In the entries that follow, find the line containing "Бывший глава кредитной" and the line containing "北京师范大学艺术与传媒学院院", then copy exactly everything from the first through the second except the pictures.

::: PROVIDED RECORDS :::

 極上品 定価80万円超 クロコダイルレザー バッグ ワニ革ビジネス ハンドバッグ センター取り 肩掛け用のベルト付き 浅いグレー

:::
::: PROVIDED RECORDS :::

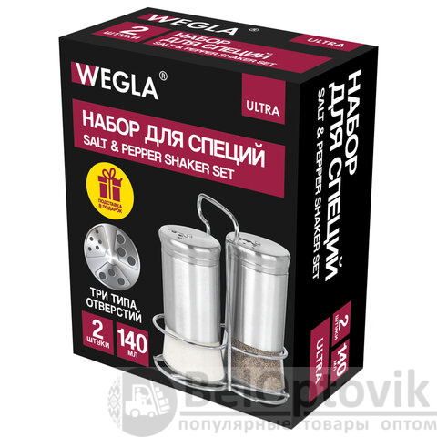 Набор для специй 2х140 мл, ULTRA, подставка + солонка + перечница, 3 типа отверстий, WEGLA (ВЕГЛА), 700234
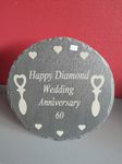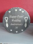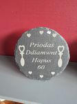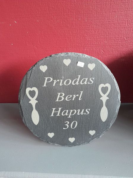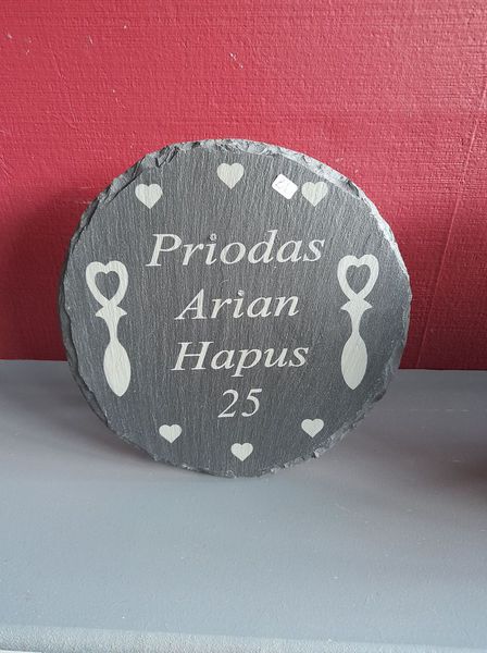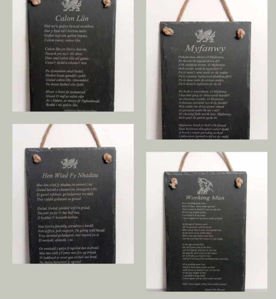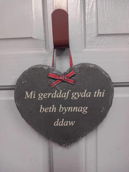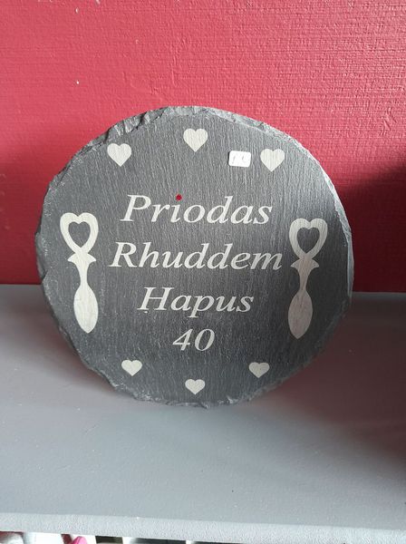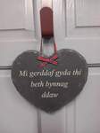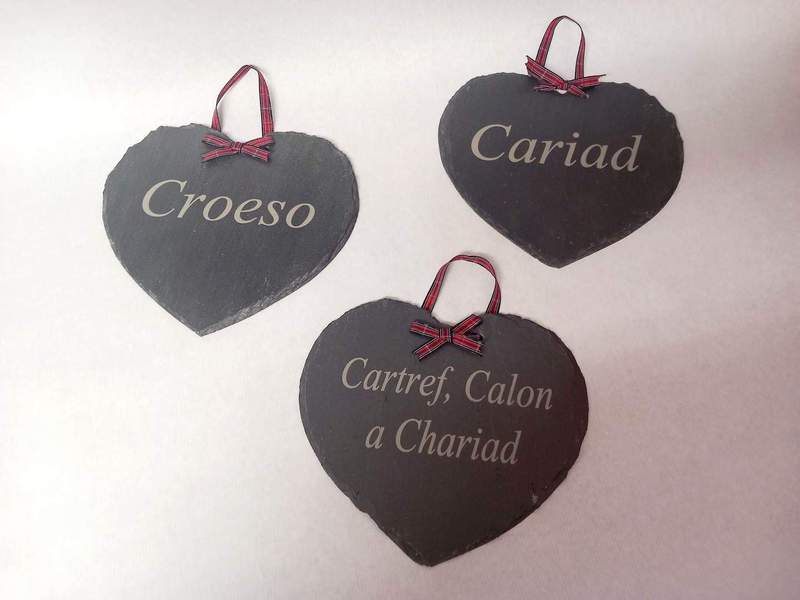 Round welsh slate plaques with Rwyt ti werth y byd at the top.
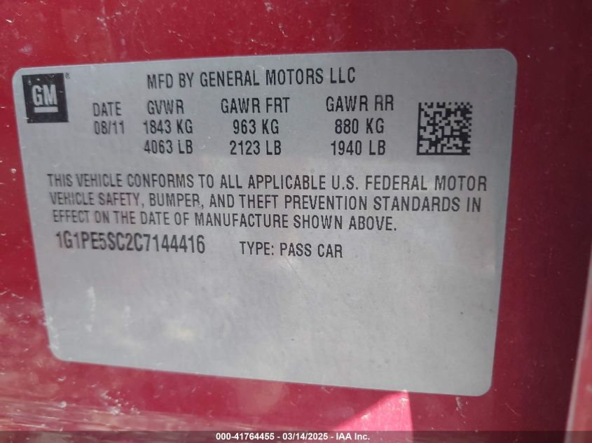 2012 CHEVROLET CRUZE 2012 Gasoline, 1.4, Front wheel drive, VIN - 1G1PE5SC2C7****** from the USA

:::
::: PROVIDED RECORDS :::

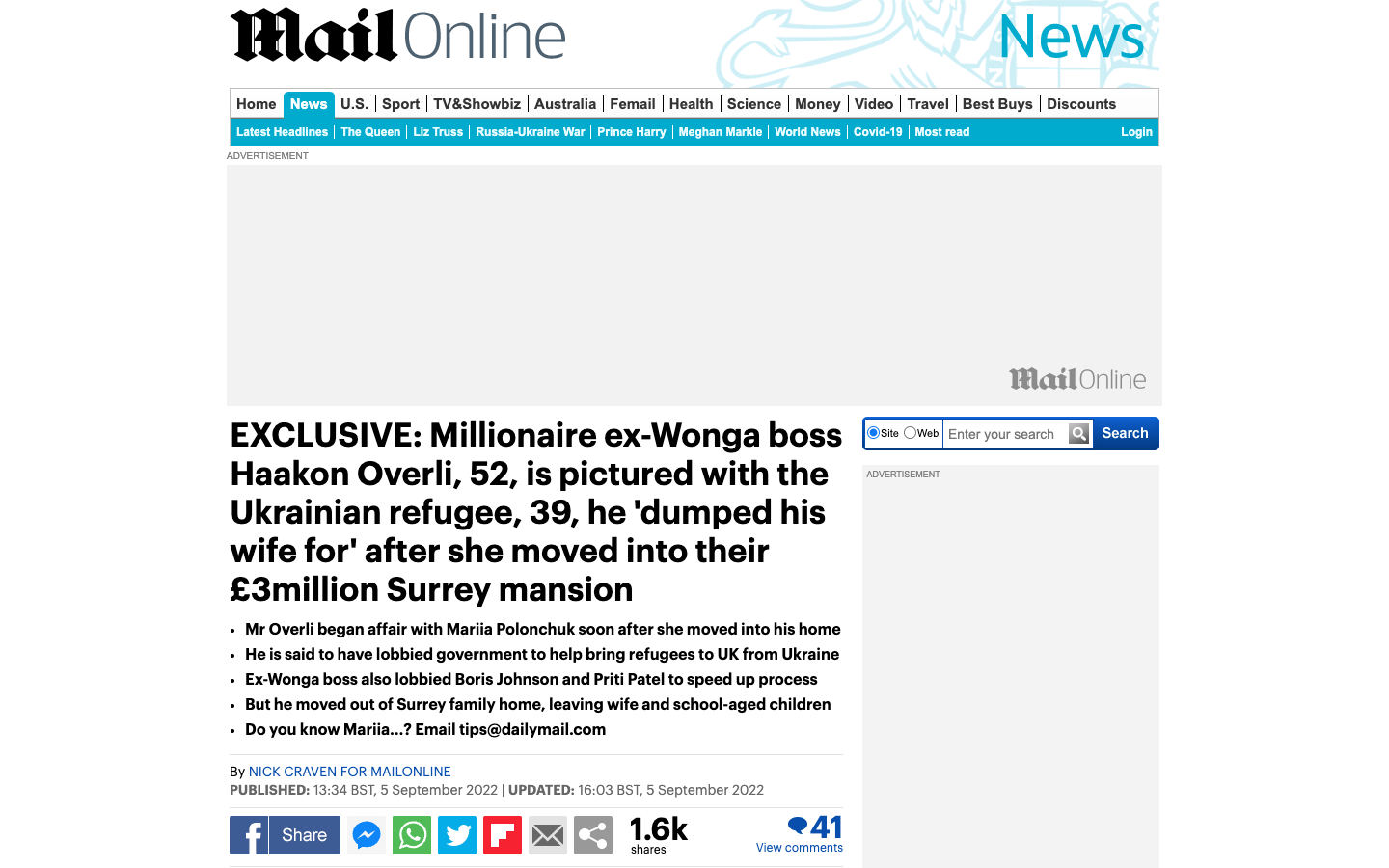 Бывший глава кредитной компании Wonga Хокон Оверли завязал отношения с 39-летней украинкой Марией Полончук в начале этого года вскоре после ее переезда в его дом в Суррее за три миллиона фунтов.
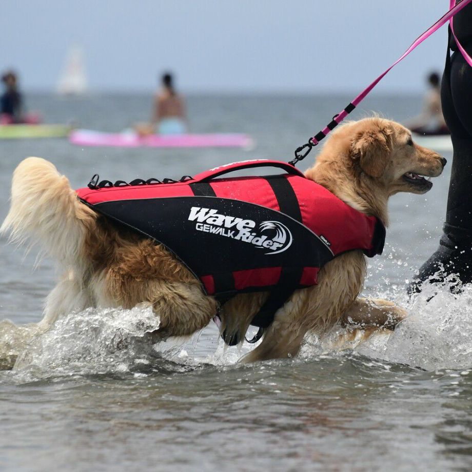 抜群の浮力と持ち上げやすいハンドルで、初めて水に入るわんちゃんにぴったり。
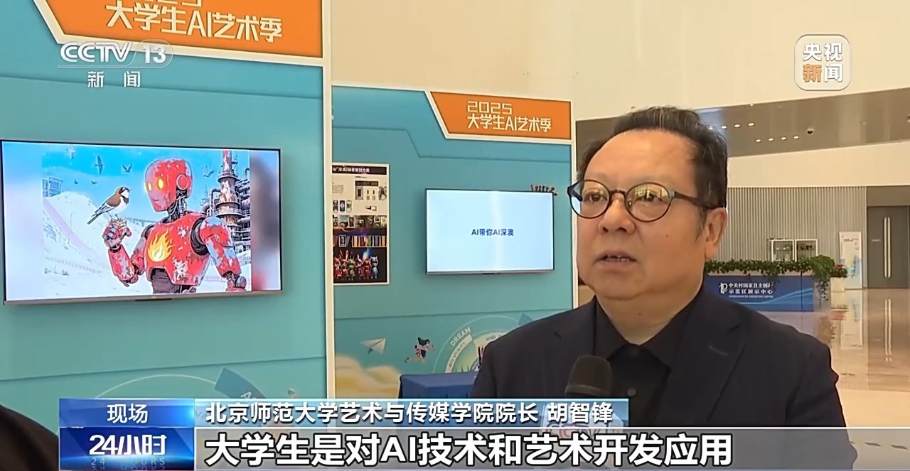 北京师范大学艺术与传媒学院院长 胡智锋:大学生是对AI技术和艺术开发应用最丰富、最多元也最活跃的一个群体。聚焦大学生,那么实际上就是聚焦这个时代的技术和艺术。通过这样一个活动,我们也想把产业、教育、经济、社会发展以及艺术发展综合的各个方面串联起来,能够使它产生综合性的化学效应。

:::

* _FINISHED EXERCISE_
 Бывший глава кредитной компании Wonga Хокон Оверли завязал отношения с 39-летней украинкой Марией Полончук в начале этого года вскоре после ее переезда в его дом в Суррее за три миллиона фунтов.
 抜群の浮力と持ち上げやすいハンドルで、初めて水に入るわんちゃんにぴったり。
 北京师范大学艺术与传媒学院院长 胡智锋:大学生是对AI技术和艺术开发应用最丰富、最多元也最活跃的一个群体。聚焦大学生,那么实际上就是聚焦这个时代的技术和艺术。通过这样一个活动,我们也想把产业、教育、经济、社会发展以及艺术发展综合的各个方面串联起来,能够使它产生综合性的化学效应。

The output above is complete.